_DATASET EXCERPT_.
--- --- ---

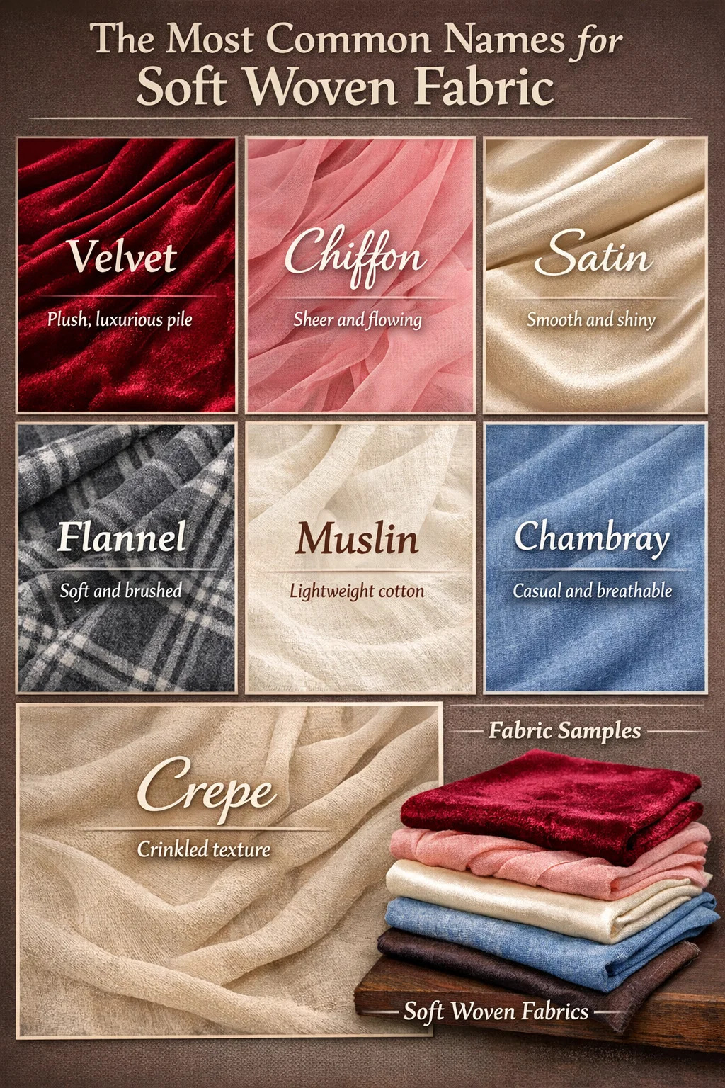 Når folk spør "hva er navnet på mykt vevd stoff", avhenger svaret av fiberinnholdet, vevstrukturen og finishen. De mest anerkjente myke vevde stoffene inkluderer fløyel, chiffon, sateng, muslin, flanell, chambray og crepe . Hver av disse er produsert på en vevstol ved hjelp av sammenflettede tråder, men de føles helt forskjellige fra hverandre på grunn av hvordan garnene er ordnet, tvunnet eller ferdig etter veving.
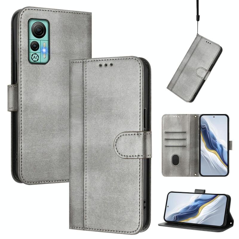 For Ulefone Note 14 Line Splicing Buckle Retro Leather Phone Case(Grey)
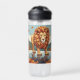 Este diseño creativo presenta un león macho hecho enteramente de hojas de otoño parado en un lago con una hermosa reflexión.

--- --- ---

_WORK TASK_.
Without including the pictures, copy all of the data exactly.

_SOLVED PROBLEM_.
 Når folk spør "hva er navnet på mykt vevd stoff", avhenger svaret av fiberinnholdet, vevstrukturen og finishen. De mest anerkjente myke vevde stoffene inkluderer fløyel, chiffon, sateng, muslin, flanell, chambray og crepe . Hver av disse er produsert på en vevstol ved hjelp av sammenflettede tråder, men de føles helt forskjellige fra hverandre på grunn av hvordan garnene er ordnet, tvunnet eller ferdig etter veving.
 For Ulefone Note 14 Line Splicing Buckle Retro Leather Phone Case(Grey)
 Este diseño creativo presenta un león macho hecho enteramente de hojas de otoño parado en un lago con una hermosa reflexión.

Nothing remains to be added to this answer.